El sargento ofreció asiento a Martina, señalándole una de las duras sillas de su oficina, pero la subinspectora, un tanto decepcionada por la vaga explicación que el mando acababa de ofrecerle, prefirió permanecer en pie.
Detrás del escritorio, sujeto a la pared con chinchetas, se extendía un mapa del delta. Al discurrir por las tierras bajas, los canales dibujaban una especie de cáliz. Ese plano era más preciso aún que el proporcionado por el comisario a Martina. Registraba las curvas de nivel, los campos de arroz, las parcelas de labrantío, las pistas forestales y los caminos de carros. La subinspectora se acercó para estimar la distancia entre Portocristo y el cabo oriental del estuario, Forca del Diablo. Cuando se hubo situado espacialmente, comentó:
– Si las áreas próximas a los escenarios de los crímenes están semidesiertas, eso debería reducir la búsqueda.
El sargento fingió no haber captado la crítica implícita en esa observación, y repuso:
– Las marismas cuentan con una población flotante, por así decirlo. Y están los cazadores de patos, los pescadores de bajura, o los serranos, que bajan con sus galeras al mercado dominical de Portocristo.
– ¿En serio no tenemos ningún sospechoso, sargento? -Insistió Martina-. Usted debe conocer bien a la gente de aquí.
– Nadie acaba de calar a estos lugareños. Son peculiares, una mezcla curiosa. Sus ancestros proceden de la sierra, pero la precariedad de recursos acabó convirtiéndolos en lobos de mar. Con ellos, como con los gallegos, nunca se sabe si vienen o van. No señalo a nadie. Mentiría si le dijese lo contrario.
Martina hizo un ademán de impaciencia.
– No pretendo realizar un estudio antropológico. Tampoco le estoy pidiendo que me revele a ciencia cierta el nombre de la persona capaz de clavar un arpón en el pecho de Santos Hernández, o de torturar a Dimas Golbardo hasta la muerte, seccionando sus manos y abandonando sus despojos en las rocas, pero lógicamente deberemos ponernos a trabajar sobre quienes mantuvieron con las víctimas algún tipo de relación conflictiva. Empecemos por Dimas Golbardo, si le parece. ¿Estaba atravesando alguna tragedia personal? ¿Tenía deudas? ¿Pleitos familiares? ¿Líos con mujeres?
Romero se rascó uno de sus peludos tímpanos.

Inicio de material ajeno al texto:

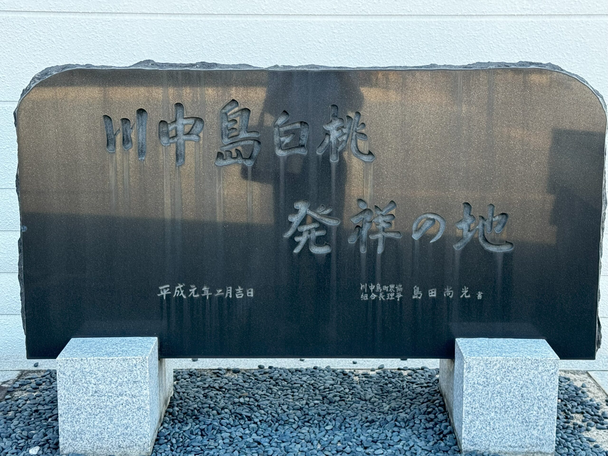 ・川中島共撰所には、「川中島白桃 発祥の地」という碑があります。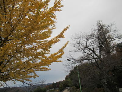 校門脇のイチョウは黄色が濃くなり、徐々に葉が落ち始めています。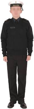 2.5.4. matrožu blūze un bikses melnā krāsā (13., 16. attēls);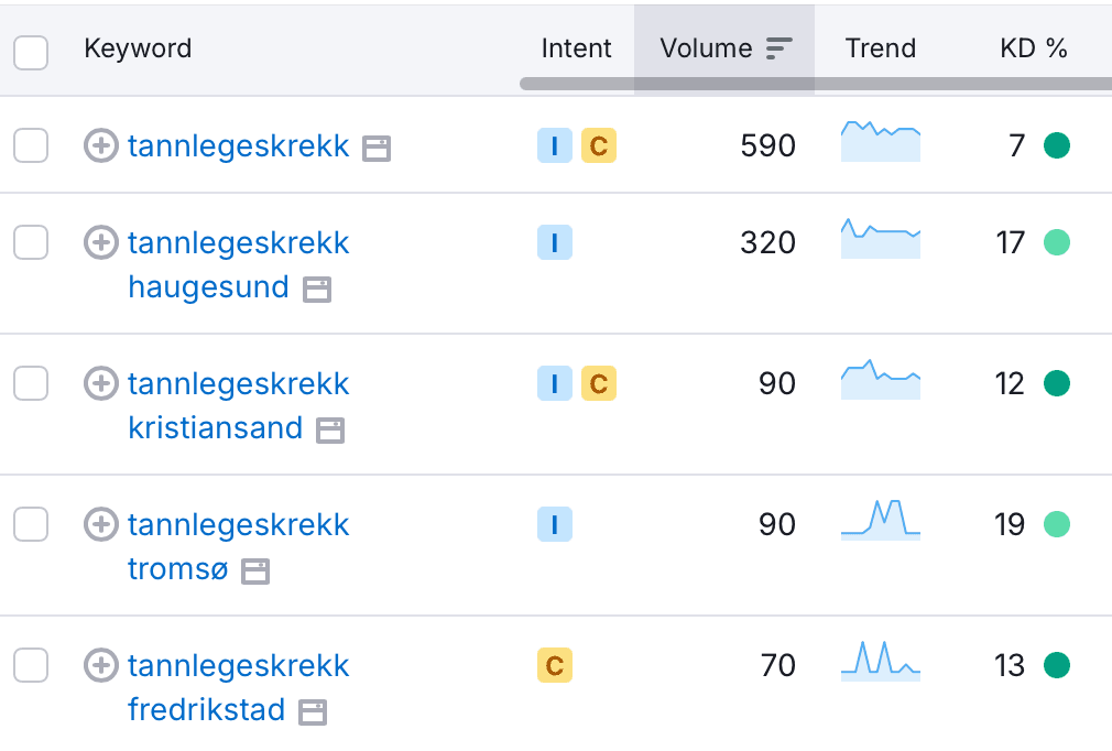 1. Start med ‘høy intensjon’-søkeord (tannlege + by, akutt tannlege).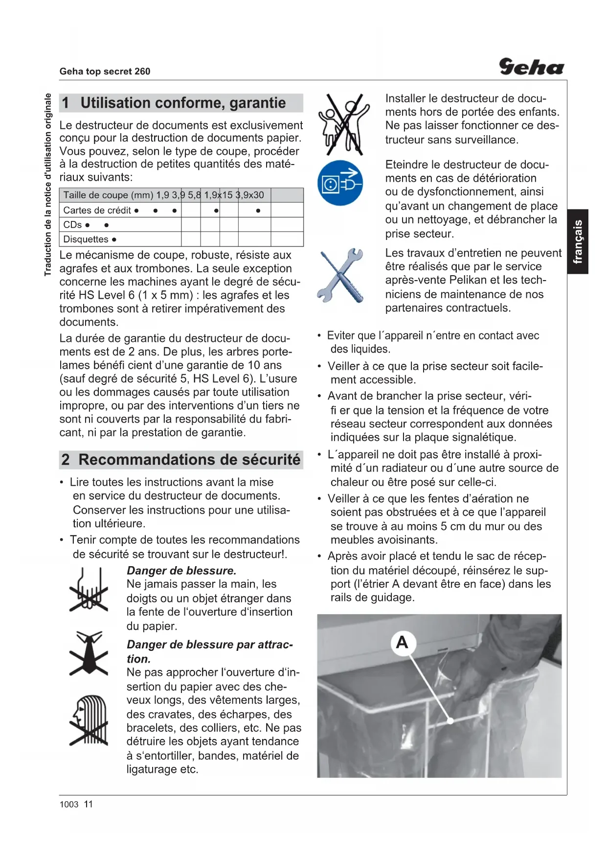 - EN 60950-1:20061003 11 Geha top secret 260 français Le destructeur de documents est exclusivement conçu pour la destruction de documents papier. Vous pouvez, selon le type de coupe, procéder à la destruction de petites quantités des maté- riaux suivants: Taille de coupe (mm) 1,9 3,9 5,8 1,9x15 3,9x30 Cartes de crédit ●●● ● ● CDs ●● Disquettes ● Le mécanisme de coupe, robuste, résiste aux agrafes et aux trombones. La seule exception concerne les machines ayant le degré de sécu- rité HS Level 6 (1 x 5 mm) : les agrafes et les trombones sont à retirer impérativement des documents. La durée de garantie du destructeur de docu- ments est de 2 ans. De plus, les arbres porte- lames bénéfi cient d’une garantie de 10 ans (sauf degré de sécurité 5, HS Level 6). L’usure ou les dommages causés par toute utilisation impropre, ou par des interventions d’un tiers ne sont ni couverts par la responsabilité du fabri- cant, ni par la prestation de garantie. Installer le destructeur de docu- ments hors de portée des enfants. Ne pas laisser fonctionner ce des- tructeur sans surveillance. Eteindre le destructeur de docu- ments en cas de détérioration ou de dysfonctionnement, ainsi qu’avant un changement de place ou un nettoyage, et débrancher la prise secteur. Les travaux d’entretien ne peuvent être réalisés que par le service après-vente Pelikan et les tech- niciens de maintenance de nos partenaires contractuels.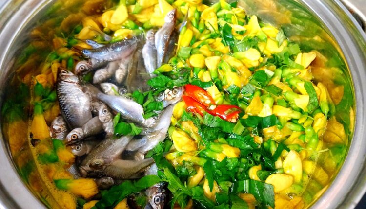 Nhắc đến cá linh người ta cũng không thể không nhắc đến loại hoa cũng gắn liền với mùa nước nổi – hoa điên điển, loài hoa nở vàng khoe sắc khắp cả mé sông, đầm lầy, ruộng nước. Hoa cho hương vị rất đặc biệt, giòn, thơm, bùi, béo lại nồng đượm hương, mang “hương đồng cỏ nội” được người dân Nam Bộ chế biến thành nhiều món ăn đặc sản bổ dưỡng.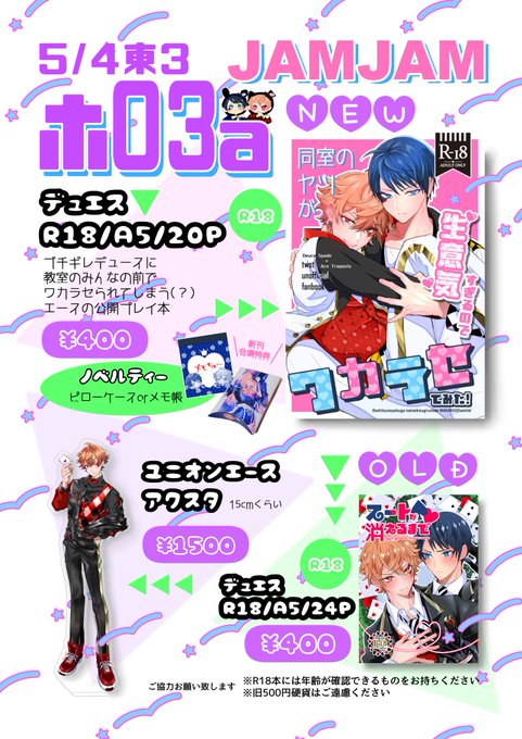 5/4スパコミ29デュエスぷち 目がチカチカするお品書きです twitter.com/tokorotenjam/s…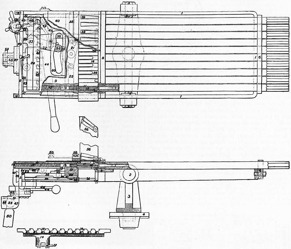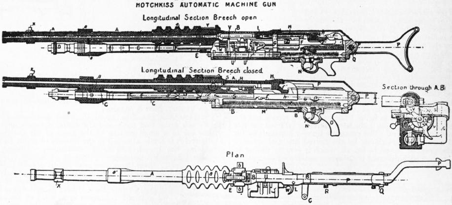 6 Modern improvements in mechanical details are only slight, as may be found by reference to the official handbooks of the gun, editions of 1903 and 1907.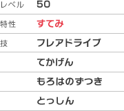 「すてみ」は、反動を受ける技の威力を上げる効果を持つ特性です。威力120の技「フレアドライブ」のように、反動を受ける技は高い威力を持つものが多いですが、特性「すてみ」を活かして、さらに大ダメージを狙っていけます!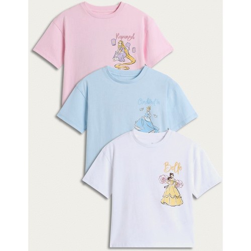 Disney Princess 3-Pack Pure Cotton T-Shirts in Multi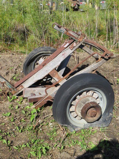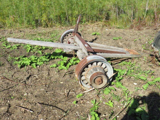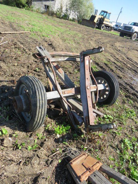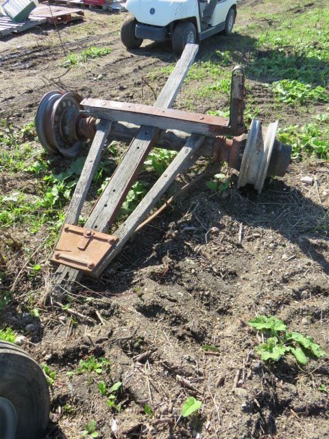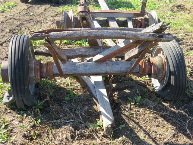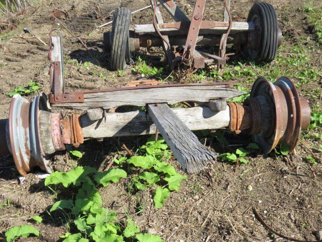 LOT OF 2 WOODEN AXLES COMPLETE WITH WOOD SPOKE RIMS

– No lo creo. Apenas le traté, para serle sincero. En apariencia, era un hombre tranquilo. Tengo otra teoría, subinspectora. ¿De verdad no quiere sentarse?
Martina agradeció su insistencia, pero volvió a declinar la invitación. El sargento presumió:
– Ese crimen y el de Santos Hernández pueden guardar relación con el tráfico de estupefacientes. Antes o después, los escarmientos y ajustes de cuentas tenían que llegar incluso a este lugar apartado del ojo de Dios.
– ¿Está sugiriendo que Dimas Golbardo y Santos Hernández formaban parte de un cártel?
– Sería prematuro afirmarlo, pero en los últimos tiempos hemos interceptado alijos de cierta importancia. No hace mucho, si recuerda, abordamos aquel mercante de bandera albanesa que transportaba quinientos kilogramos de coca. Estaba a punto de desembarcar la mercancía. Necesariamente tenía que contar con secuaces en tierra, pero nadie cantó. Ese pelo se nos quedó en la gatera.
Martina tenía conocimiento de esa acción gracias al dossier de Horacio Muñoz. Además de las aprehensiones de alijos, el archivero había elaborado un informe de la actividad criminal en la costa, a partir de los años cincuenta. En total, había inventariado tres asesinatos, ninguno de ellos debido al narcotráfico. Tales homicidios abundaban en los estigmas del crimen rural, a cuyo clásico esquema se remitían sus móviles. Pleitos familiares, retorcidos litigios de lindes o servidumbres de paso que acabaron resolviéndose, sin previo aviso, con el estampido de una escopeta de caza.